* _What you need to do_: Write down the lines exactly as they appear, from the one that contains "关于下达2017年第一批协会团体标准制定计划项目的通知" through the final line of the records, so that both ends are kept and no pictures come along.

*** Input for this task ***

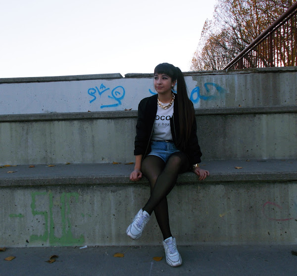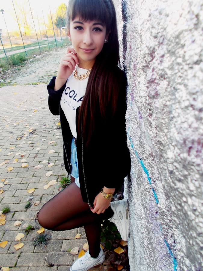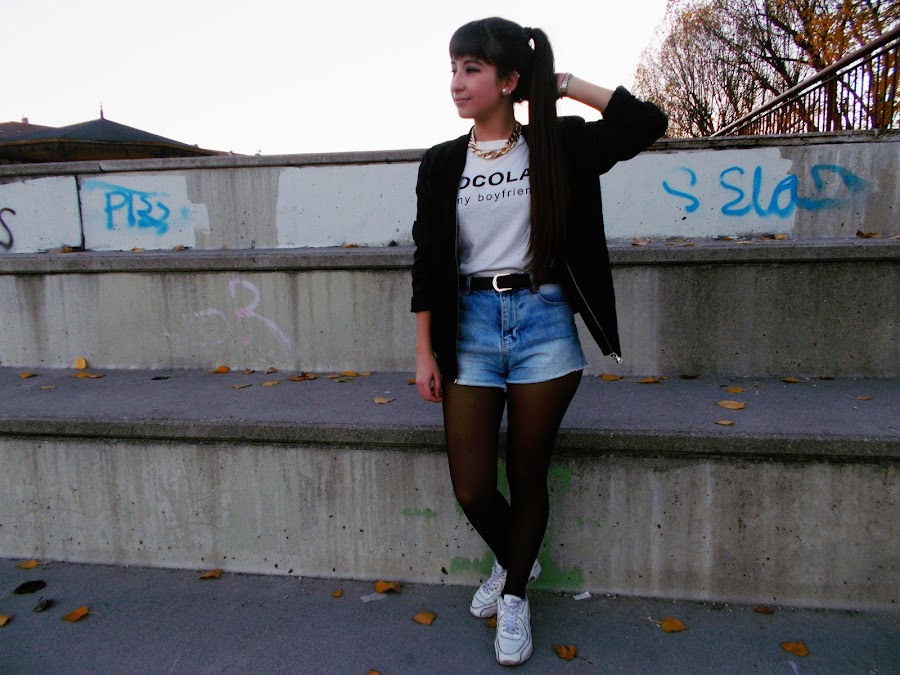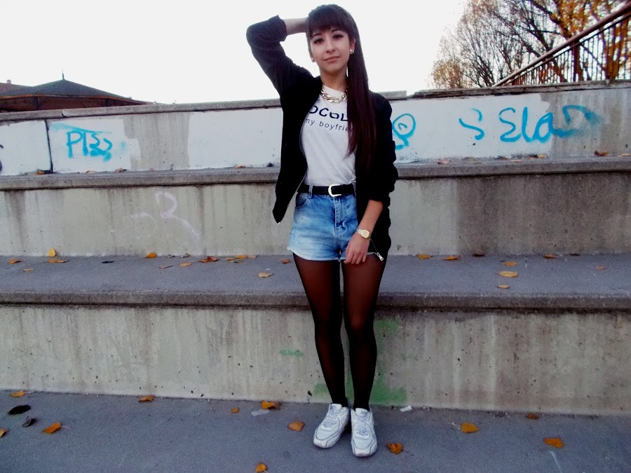 Short: Zara // T-shirt: Stradivarius // Jacket: Stradivarius // Velt: Vintage // Necklace: Ericdress // Shoes: Airmax90
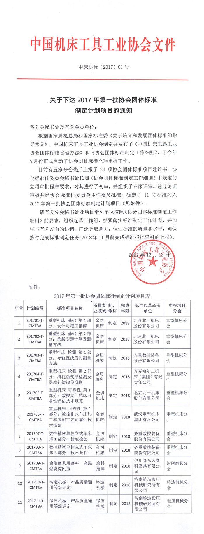 关于下达2017年第一批协会团体标准制定计划项目的通知
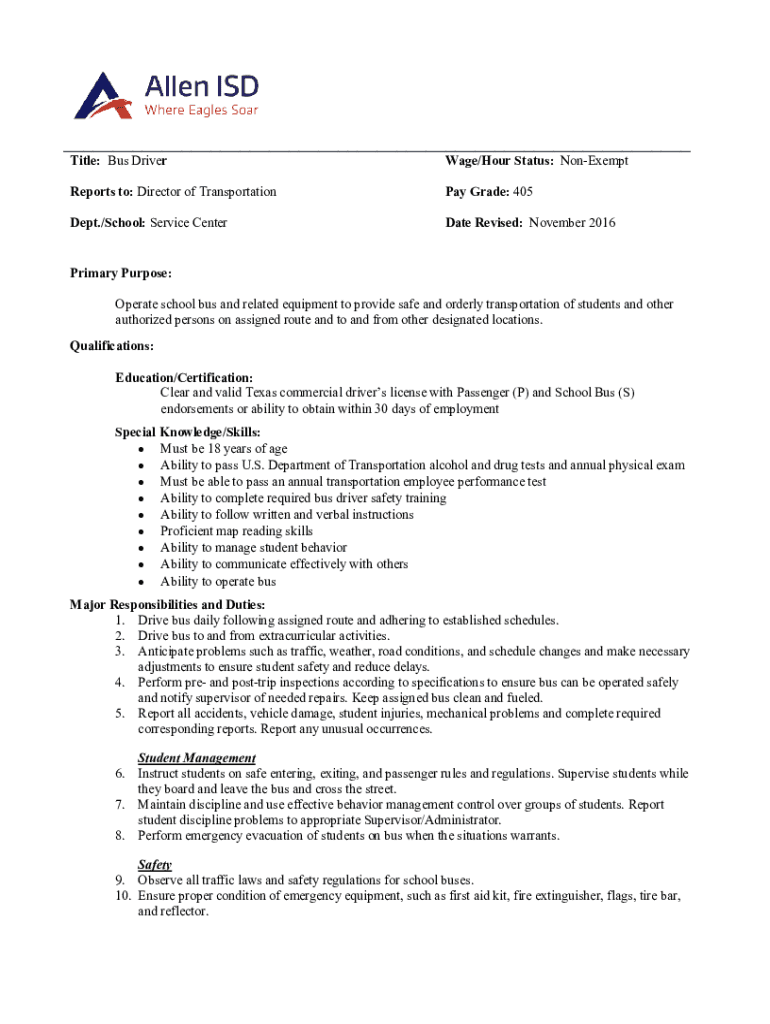 ___ Title: Bus Diverge/Hour Status: NonExemptReports to: Director of Transportation Grade: 405Dept./School: Service Generate Revised: November 2016Primary Purpose: Operate school bus and related equipment
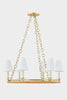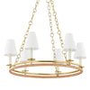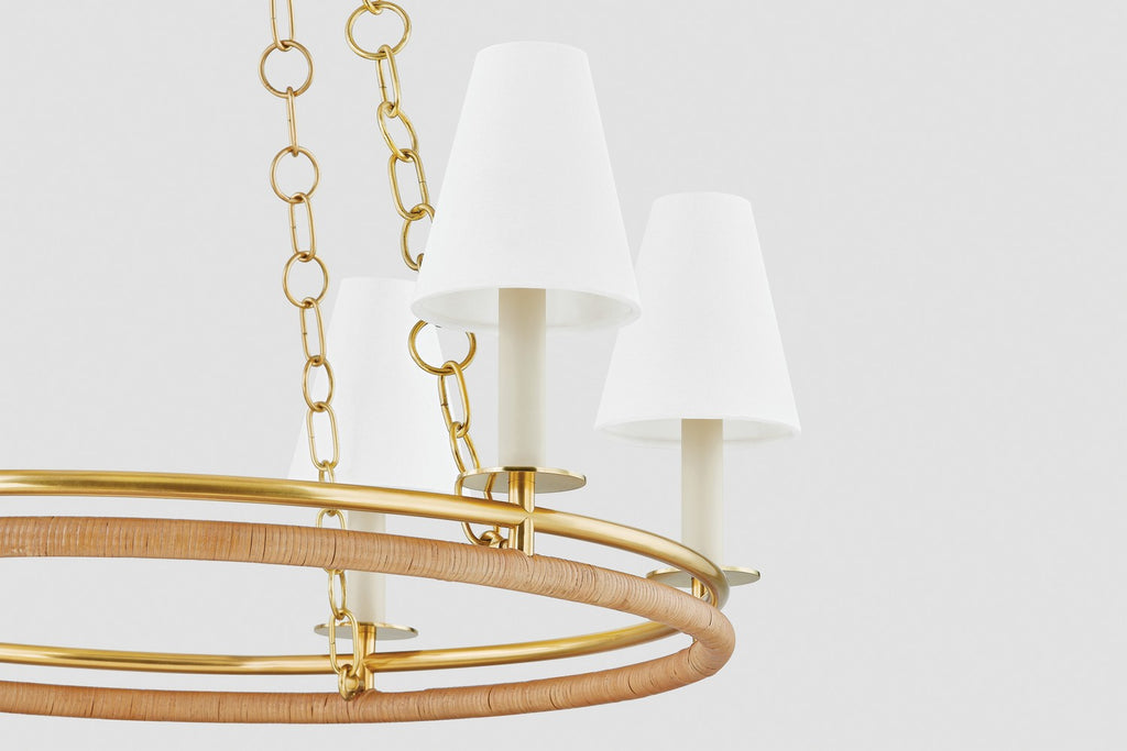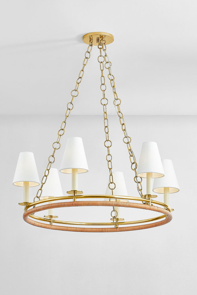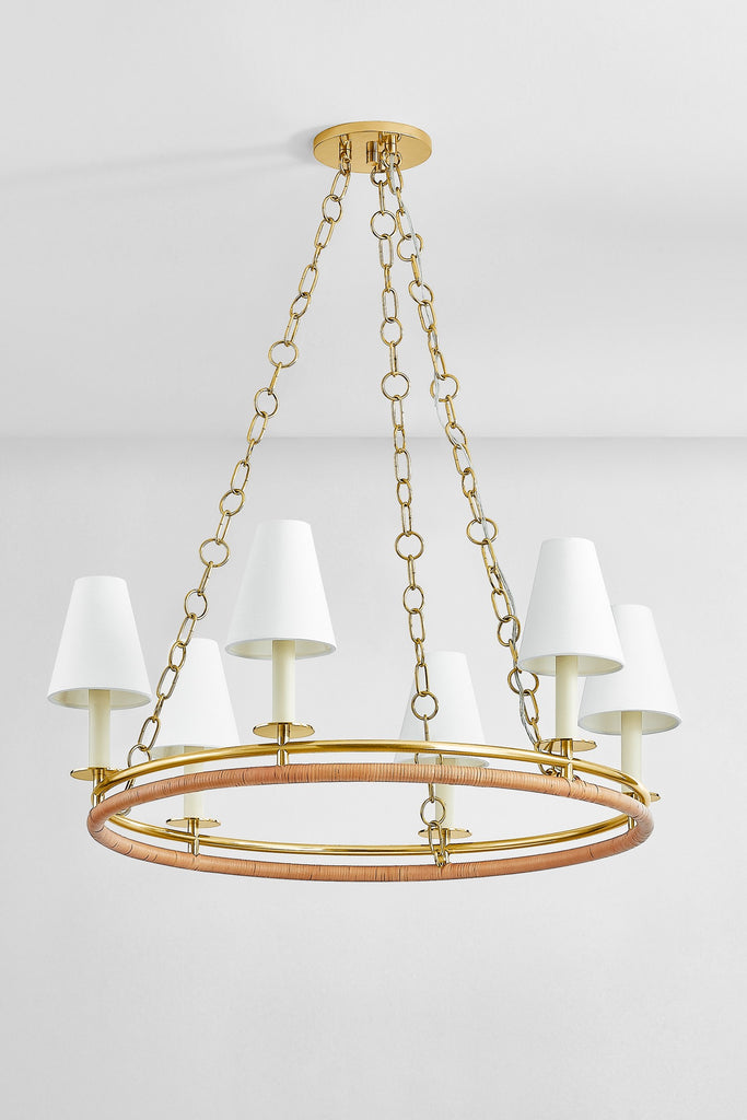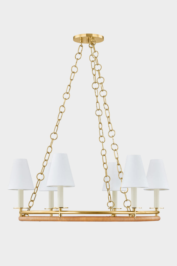 A distinctive double-ring chandelier presents the opportunity to play with mixing materials. As if in conversation, the upper ring of Swanton is finished in sleek Aged Brass, while the lower is cleanly wrapped in natural rattan. Linen shades top cream candlesticks, lending the fixture a light, airy quality that feels nautical. Suspended from three large looped chains, Swanton is available as a 6 or 8-light chandelier.
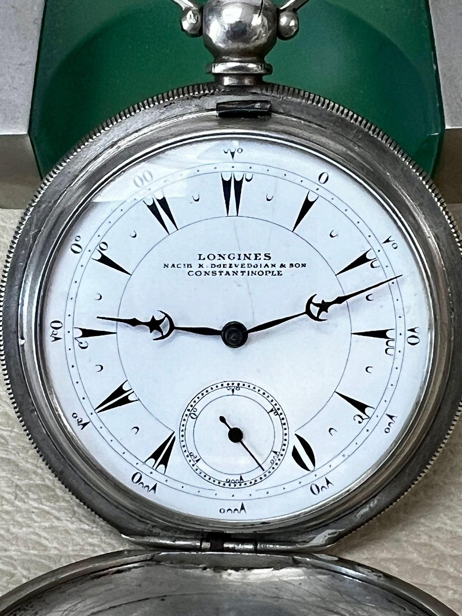 Gehäuse:800 Silber. Zylinderwerk für Schlüsselaufzug. Baujahr Ca 1915/ 1920 Nr. 3649528 Emailzifferblatt bezeichnung. Longines Nacib K Djezvedjian 2. Son Constantinoble, mit Arabische Stundenkeile, Sprungdeckel,Graviertes Gehäuse Nr. xxxx Durchmesser:ca.51mm, Gesamt Gewicht. Ca. 100 gramm Ziffernblatt, Email weiß, Ziffernblatt: Arabische Zahlen, Zeiger: Louis xv, kleine Sekunde, Zustand: funktionstüchtig, keine Garantie auf Ganggenauigkeit, siehe Fotos Preis: 1.200.-€

*** End of Input for this task ***

* _Task solution_:
 关于下达2017年第一批协会团体标准制定计划项目的通知
 ___ Title: Bus Diverge/Hour Status: NonExemptReports to: Director of Transportation Grade: 405Dept./School: Service Generate Revised: November 2016Primary Purpose: Operate school bus and related equipment
 A distinctive double-ring chandelier presents the opportunity to play with mixing materials. As if in conversation, the upper ring of Swanton is finished in sleek Aged Brass, while the lower is cleanly wrapped in natural rattan. Linen shades top cream candlesticks, lending the fixture a light, airy quality that feels nautical. Suspended from three large looped chains, Swanton is available as a 6 or 8-light chandelier.
 Gehäuse:800 Silber. Zylinderwerk für Schlüsselaufzug. Baujahr Ca 1915/ 1920 Nr. 3649528 Emailzifferblatt bezeichnung. Longines Nacib K Djezvedjian 2. Son Constantinoble, mit Arabische Stundenkeile, Sprungdeckel,Graviertes Gehäuse Nr. xxxx Durchmesser:ca.51mm, Gesamt Gewicht. Ca. 100 gramm Ziffernblatt, Email weiß, Ziffernblatt: Arabische Zahlen, Zeiger: Louis xv, kleine Sekunde, Zustand: funktionstüchtig, keine Garantie auf Ganggenauigkeit, siehe Fotos Preis: 1.200.-€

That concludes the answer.